In his latest column for Inside Croydon, ANDREW FISHER, looks ahead to the most intriguing contest in London’s local elections this year
Labour mayoral candidate Val Shawcross has made no attempt to hide her frustration, at times bordering on contempt, for the Labour administration in Katharine Street of the past four years.
Hustings promises: Val Shawcross has made a series of pledges at public meetings to reverse measures implemented by her Labour council colleagues
At a recent hustings, Shawcross said she was “embarrassed” by it and promised, “I’m here to reset it”, emphasising her determination to restore several services cut by the Labour council, including the graffiti removal team.
In light of the scandalous treatment of council tenants in flats at Regina Road in South Norwood, Shawcross has also committed that, “Croydon should compensate tenants when repairs are not carried out in time or to a good standard.”
It’s about time that council tenants in Croydon got a better deal – especially in a year when their rent has increased by more than average incomes.
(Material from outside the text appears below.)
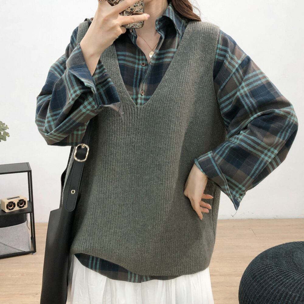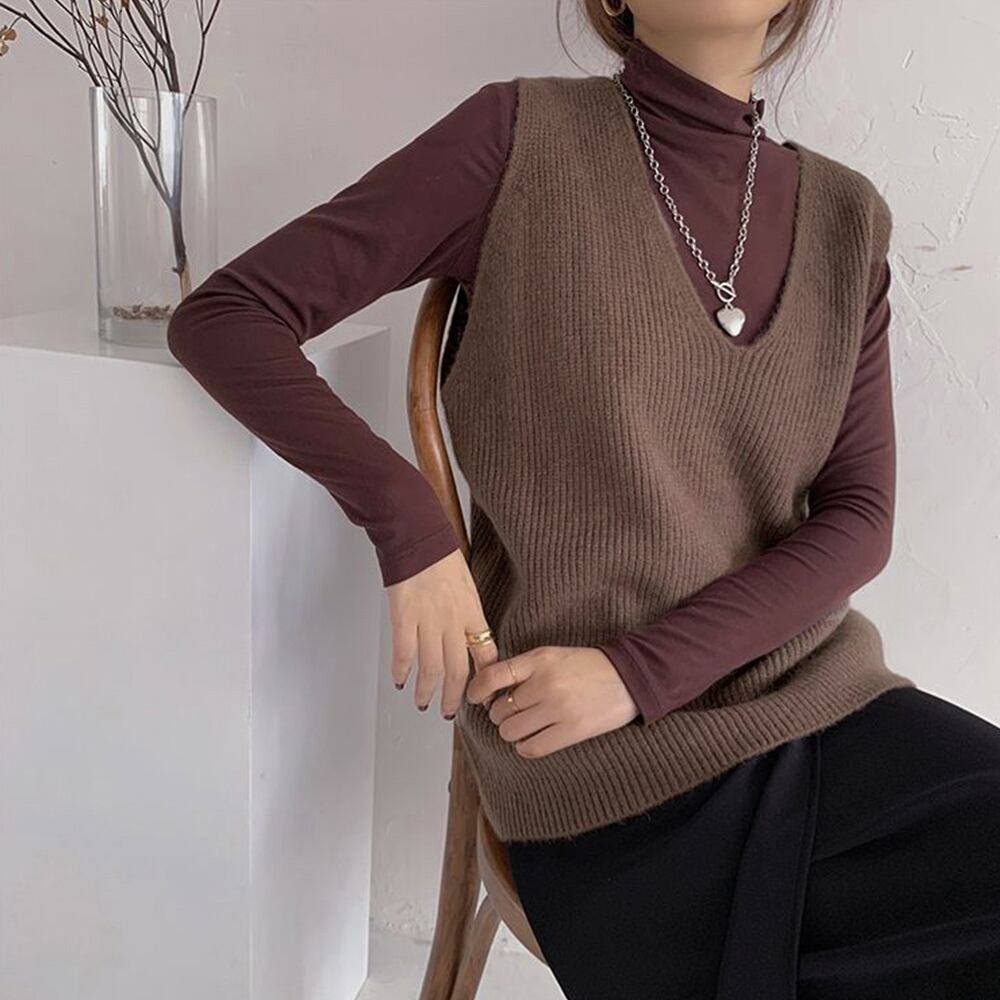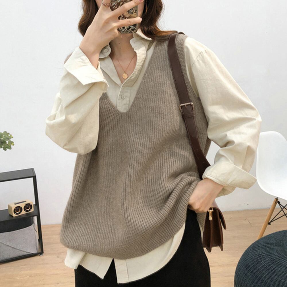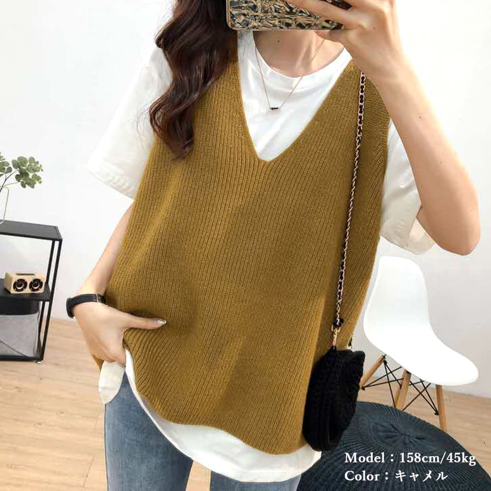 韓国ニットチョッキ ノースリーブ ニットトップス 重ね着風 レイヤードベスト レトロ体型カバー ニットジレ 20代30代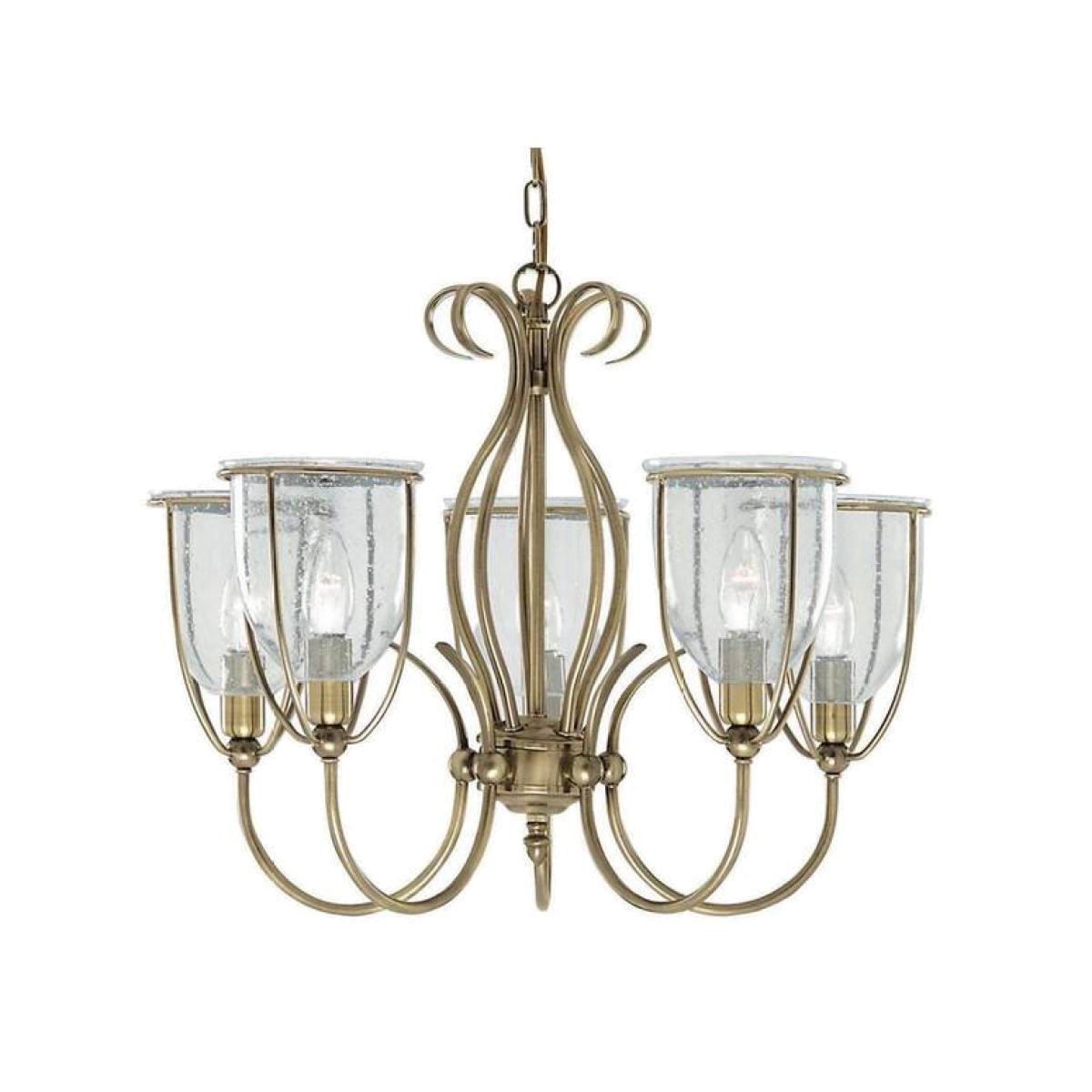 Silhouette 5 Light Ceiling Pendant Antique Brass Seeded Glass Shades, E14 - Antique Brass

Shawcross’s straight-talking has definitely impressed some voters otherwise sceptical of Labour in Croydon.
London is increasingly becoming a Labour city – with Labour Mayor Sadiq Khan in his second term, Labour holding around two-thirds of the city’s parliamentary seats and controlling most of the capital’s councils. Current London polling puts Labour anywhere between 25 to 30 points ahead of the Conservatives.
How the Evening Standard’s @Adamstoon1 sees the plight of ‘Local’ Tories
In Croydon, Labour has held the council since 2014 and at the 2019 General Election comfortably held the once marginal Croydon Central seat, with Sarah Jones MP increasing her majority.
However, in the delayed 2021 London mayoral contest, the Conservative vote in Croydon outstripped Labour’s – with higher turnout in the south of the borough overcoming Labour support in the north and centre of the borough.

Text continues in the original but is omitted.